Copy the data exactly, pictures aside.

| Data extract |
=== Section Start ===

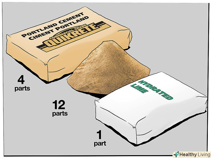 Якщо хочете, змішайте штукатурку самостійно. Штукатурка зазвичай виготовляється з портландцементу, піску, гашеного вапна і води. [1] хоча деякі рецепти приготування суміші для штукатурки відрізняються, у вас може вийти відмінний результат, якщо ви просто змішаєте компоненти в співвідношенні 4:12:1 (цемент, пісок і вапно відповідно), а потім додасте достатньо води і повільно перемішайте суміш до консистенції вологого горіхового масла.- Якщо побажаєте, ви можете додати трохи будівельного пігменту в змішану штукатурку, щоб наблизитися до кольору навколишнього стіни. Це полегшить фарбування нової, тільки що нанесеної штукатурки і змішає її з існуючою штукатуркою, але вам все одно буде потрібно пофарбувати потім всю стіну, якщо кольори збігаються в повному обсязі.
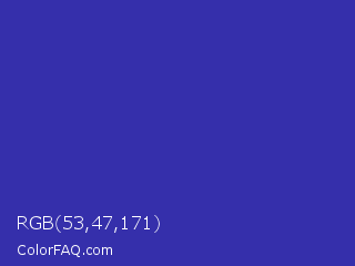 RGB 53,47,171 Color is a normal indigo color and the nearest color is Governor Bay #2f3cb3. Hex code #352fab and RGB value is rgb(53,47,171). In RGB color space, this color is composed of 21% red, 18% green, 67% blue, In CMYK color space, this color is composed of 69% cyan, 73% magenta, 0% yellow , 33% black , In HSL color space, this color has a hue angle of 243° , 57% saturation and 43% lightness.
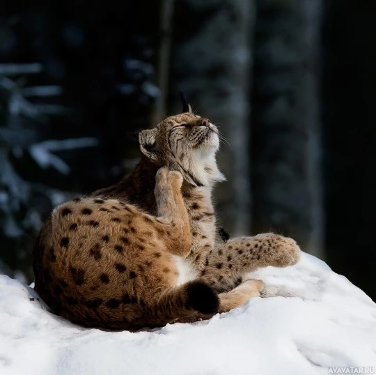 На картинке изображена рысь, сидящая в снегу с лапой, близкой к рту, возможно, ухаживающая за собой. Он расположен на фоне зимних деревьев и ясного неба.

=== Section End ===

| Your solution |
 Якщо хочете, змішайте штукатурку самостійно. Штукатурка зазвичай виготовляється з портландцементу, піску, гашеного вапна і води. [1] хоча деякі рецепти приготування суміші для штукатурки відрізняються, у вас може вийти відмінний результат, якщо ви просто змішаєте компоненти в співвідношенні 4:12:1 (цемент, пісок і вапно відповідно), а потім додасте достатньо води і повільно перемішайте суміш до консистенції вологого горіхового масла.- Якщо побажаєте, ви можете додати трохи будівельного пігменту в змішану штукатурку, щоб наблизитися до кольору навколишнього стіни. Це полегшить фарбування нової, тільки що нанесеної штукатурки і змішає її з існуючою штукатуркою, але вам все одно буде потрібно пофарбувати потім всю стіну, якщо кольори збігаються в повному обсязі.
 RGB 53,47,171 Color is a normal indigo color and the nearest color is Governor Bay #2f3cb3. Hex code #352fab and RGB value is rgb(53,47,171). In RGB color space, this color is composed of 21% red, 18% green, 67% blue, In CMYK color space, this color is composed of 69% cyan, 73% magenta, 0% yellow , 33% black , In HSL color space, this color has a hue angle of 243° , 57% saturation and 43% lightness.
 На картинке изображена рысь, сидящая в снегу с лапой, близкой к рту, возможно, ухаживающая за собой. Он расположен на фоне зимних деревьев и ясного неба.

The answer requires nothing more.